Камердинер смешался, остановился как вкопанный и побледнел.
– Ведь я тебя спрашиваю, любезный мой? – спокойно продолжал Аркадий Павлыч, не спуская с него глаз.
Несчастный камердинер помялся на месте, покрутил салфеткой и не сказал ни слова. Аркадий Павлыч потупил голову и задумчиво посмотрел на него исподлобья.
– Pardon, mon cher, – промолвил он с приятной улыбкой, дружески коснувшись рукой до моего колена, и снова уставился на камердинера. – Ну, ступай, – прибавил он после небольшого молчания, поднял брови и позвонил.
Вошел человек, толстый, смуглый, черноволосый, с низким лбом и совершенно заплывшими глазами.
– Насчет Федора… распорядиться, – проговорил Аркадий Павлыч вполголоса и с совершенным самообладанием.
– Слушаю-с, – отвечал толстый и вышел.
– Voilà, mon cher, les désagréments de la chàmpagne[27], – весело заметил Аркадий Павлыч. – Да куда же вы? Останьтесь, посидите еще немного.
– Нет, – отвечал я, – мне пора.
– Всё на охоту! Ох, уж эти мне охотники! Да вы куда теперь едете?
– За сорок верст отсюда, в Рябово.
– В Рябово? Ах, боже мой, да в таком случае я с вами поеду. Рябово всего в пяти верстах от моей Шипиловки, а я таки давно в Шипиловке не бывал: все времени улучить не мог. Вот как кстати пришлось: вы сегодня в Рябове поохотитесь, а вечером ко мне. Се sera charmant[28]. Мы вместе поужинаем, – мы возьмем с собою повара, – вы у меня переночуете. Прекрасно! прекрасно! – прибавил он, не дождавшись моего ответа. – C’est arrangé…[29] Эй, кто там? Коляску нам велите заложить, да поскорей. Вы в Шипиловке не бывали? Я бы посовестился предложить вам провести ночь в избе моего бурмистра, да вы, я знаю, неприхотливы и в Рябове в сенном бы сарае ночевали… Едем, едем!
И Аркадий Павлыч запел какой-то французский романс.
– Ведь вы, может быть, не знаете, – продолжал он, покачиваясь на обеих ногах, – у меня там мужики на оброке. Конституция – что будешь делать? Однако оброк мне платят исправно. Я бы их, признаться, давно на барщину ссадил, да земли мало! Я и так удивляюсь, как они концы с концами сводят. Впрочем, c’est leur affairе[30]. Бурмистр у меня там молодец, une forte tête[31], государственный человек! Вы увидите… Как, право, это хорошо пришлось!

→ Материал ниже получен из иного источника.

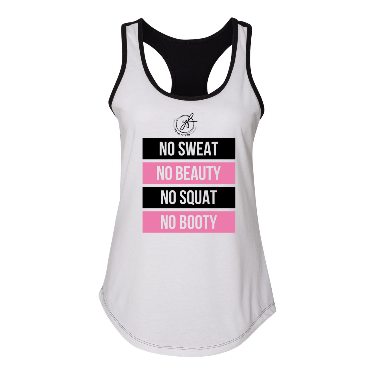 YOLO FITTED'S Women's NO SWEAT, NO BEAUTY, NO SQUAT, NO BOOTY" RACER BACK TANK
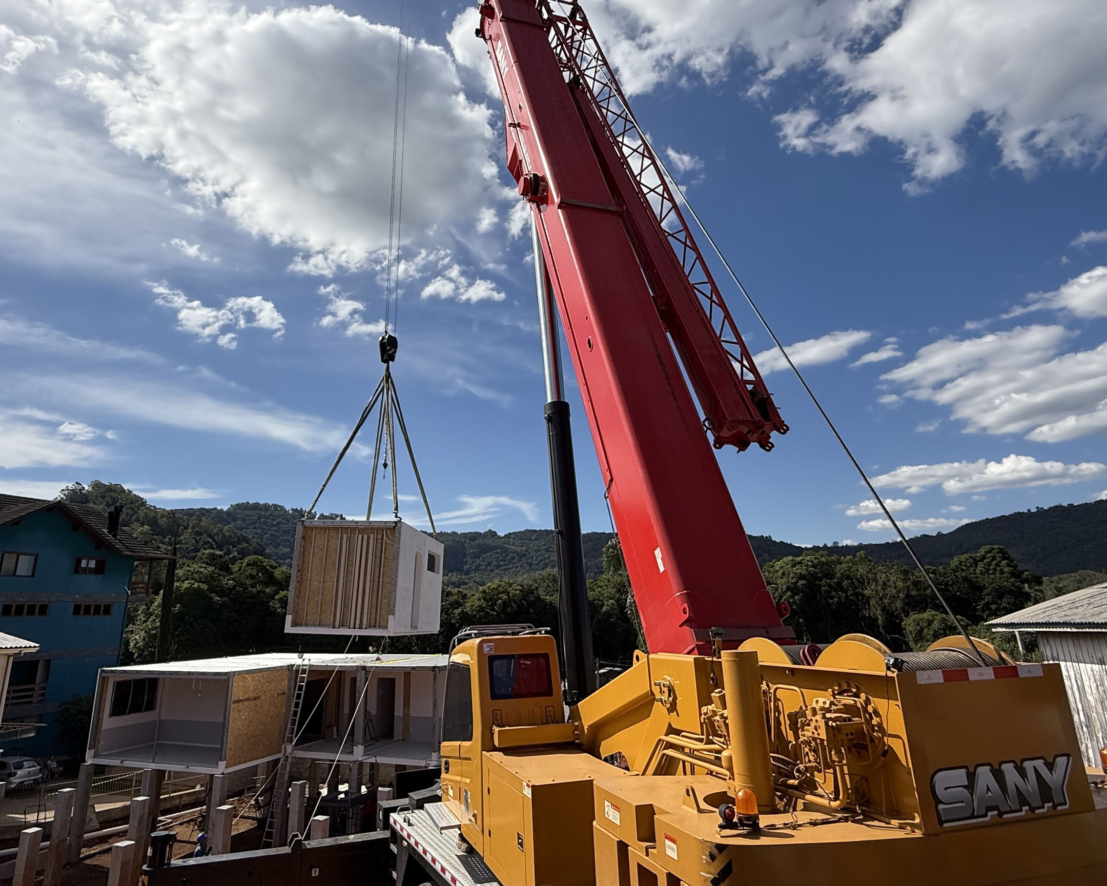 GRAMADO – A instalação dos módulos da Escola Municipal de Educação Infantil Raio de Sol já começou na Vila do Sol. Com mais de 1.100 metros quadrados, o novo espaço contará com 11 salas de aula distribuídas em três pavimentos, onde cada ambiente foi cuidadosamente planejado para estimular a criatividade, o aprendizado e garantir a segurança dos pequenos. Além das salas, o projeto inclui fraldários, cozinha, depósitos, banheiros, biblioteca, área de serviço e estacionamento.

Делать было нечего. Вместо девяти часов утра мы выехали в два. Охотники поймут мое нетерпенье. Аркадий Павлыч любил, как он выражался, при случае побаловать себя и забрал с собою такую бездну белья, припасов, платья, духов, подушек и разных несессеров, что иному бережливому и владеющему собою немцу хватило бы всей этой благодати на год. При каждом спуске с горы Аркадий Павлыч держал краткую, но сильную речь кучеру, из чего я мог заключить, что мой знакомец порядочный трус. Впрочем, путешествие совершилось весьма благополучно; только на одном недавно починенном мостике телега с поваром завалилась, и задним колесом ему придавило желудок.
Аркадий Павлыч, при виде падения доморощенного Карема, испугался не на шутку и тотчас велел спросить: целы ли у него руки? Получив же ответ утвердительный, немедленно успокоился. Со всем тем, ехали мы довольно долго; я сидел в одной коляске с Аркадием Павлычем и под конец путешествия почувствовал тоску смертельную, тем более, что в течение нескольких часов мой знакомец совершенно выдохся и начинал уже либеральничать. Наконец мы приехали, только не в Рябово, а прямо в Шипиловку; как-то оно так вышло. В тот день я и без того уже поохотиться не мог и потому скрепя сердце покорился своей участи.